─── Exercise input

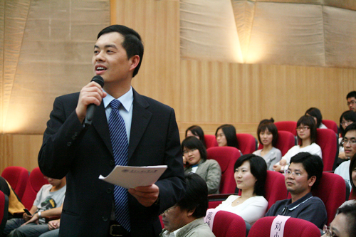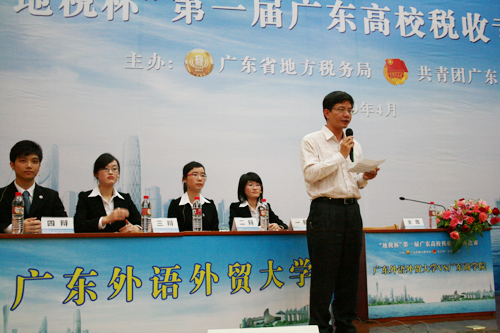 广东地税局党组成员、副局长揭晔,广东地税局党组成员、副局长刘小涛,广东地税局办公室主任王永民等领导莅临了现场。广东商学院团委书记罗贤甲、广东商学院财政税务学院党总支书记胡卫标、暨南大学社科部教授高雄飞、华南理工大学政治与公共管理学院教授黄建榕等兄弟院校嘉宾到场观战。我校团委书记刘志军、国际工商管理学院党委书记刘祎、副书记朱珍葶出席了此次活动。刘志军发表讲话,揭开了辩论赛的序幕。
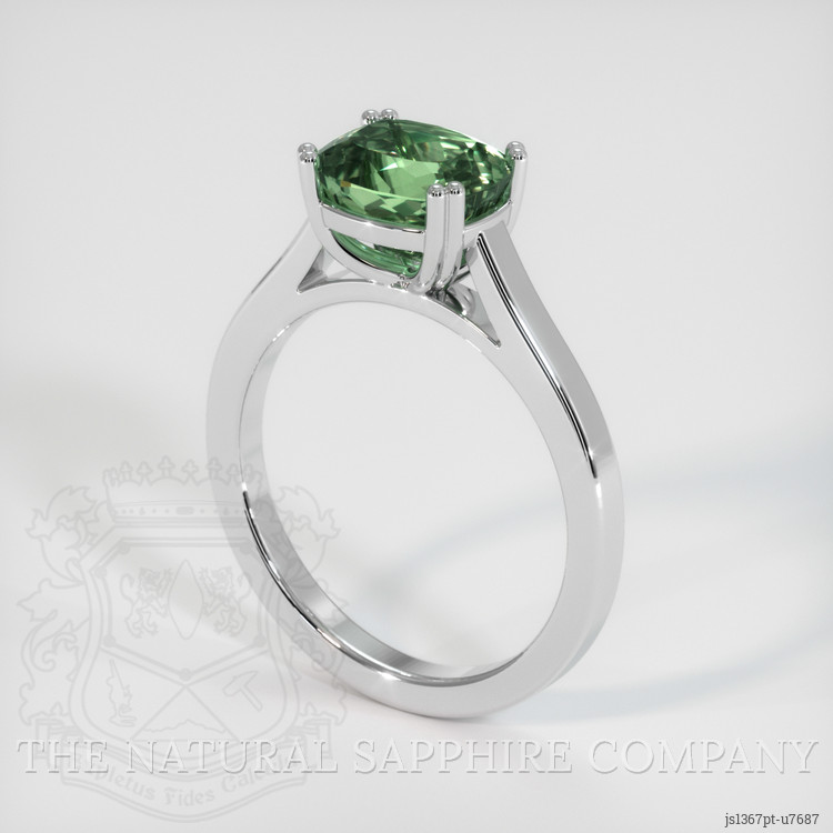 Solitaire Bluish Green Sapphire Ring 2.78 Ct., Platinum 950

──────
─── Exercise input

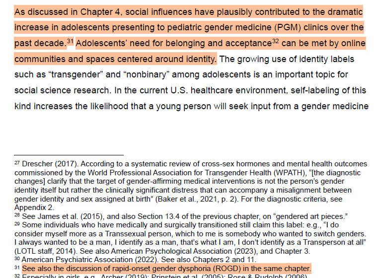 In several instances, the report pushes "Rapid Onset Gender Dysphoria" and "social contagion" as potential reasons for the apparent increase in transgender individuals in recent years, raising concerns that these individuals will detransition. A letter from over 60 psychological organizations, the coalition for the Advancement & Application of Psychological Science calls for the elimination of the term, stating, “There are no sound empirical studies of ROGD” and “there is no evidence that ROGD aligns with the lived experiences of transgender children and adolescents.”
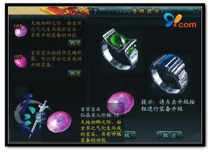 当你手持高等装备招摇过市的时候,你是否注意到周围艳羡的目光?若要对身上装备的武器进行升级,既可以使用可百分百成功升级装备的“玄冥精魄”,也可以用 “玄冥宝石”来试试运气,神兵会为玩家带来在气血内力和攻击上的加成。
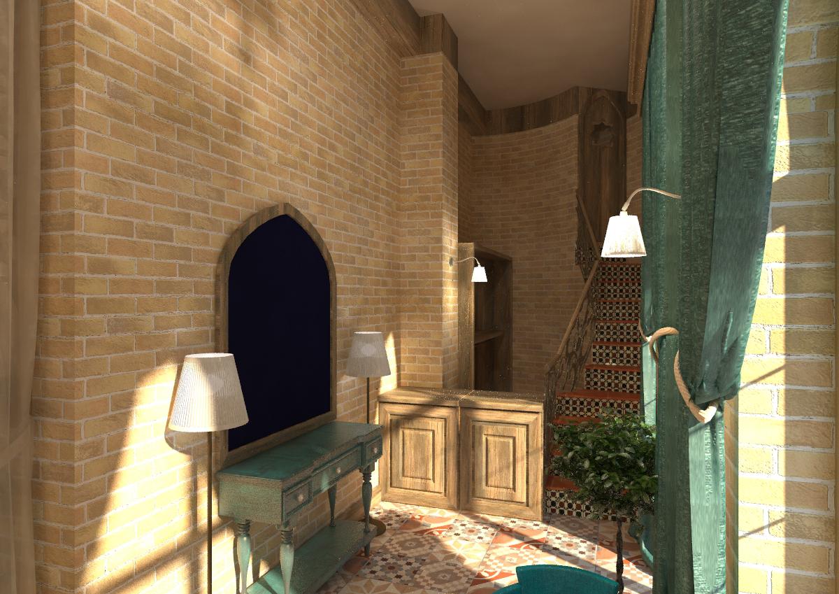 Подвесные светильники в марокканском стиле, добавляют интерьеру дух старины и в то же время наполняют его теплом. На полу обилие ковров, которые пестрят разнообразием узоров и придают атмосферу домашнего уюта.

──────
─── Exercise input

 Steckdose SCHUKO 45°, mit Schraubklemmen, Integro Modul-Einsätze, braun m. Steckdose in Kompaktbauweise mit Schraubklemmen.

──────

◆ Required action ◆
Set the pictures aside and reproduce exactly the lines above, from the line holding "广东地税局党组成员、副局长揭" through the line holding "Solitaire Bluish Green", both included, with nothing else.

◆ Solution to this exercise ◆
 广东地税局党组成员、副局长揭晔,广东地税局党组成员、副局长刘小涛,广东地税局办公室主任王永民等领导莅临了现场。广东商学院团委书记罗贤甲、广东商学院财政税务学院党总支书记胡卫标、暨南大学社科部教授高雄飞、华南理工大学政治与公共管理学院教授黄建榕等兄弟院校嘉宾到场观战。我校团委书记刘志军、国际工商管理学院党委书记刘祎、副书记朱珍葶出席了此次活动。刘志军发表讲话,揭开了辩论赛的序幕。
 Solitaire Bluish Green Sapphire Ring 2.78 Ct., Platinum 950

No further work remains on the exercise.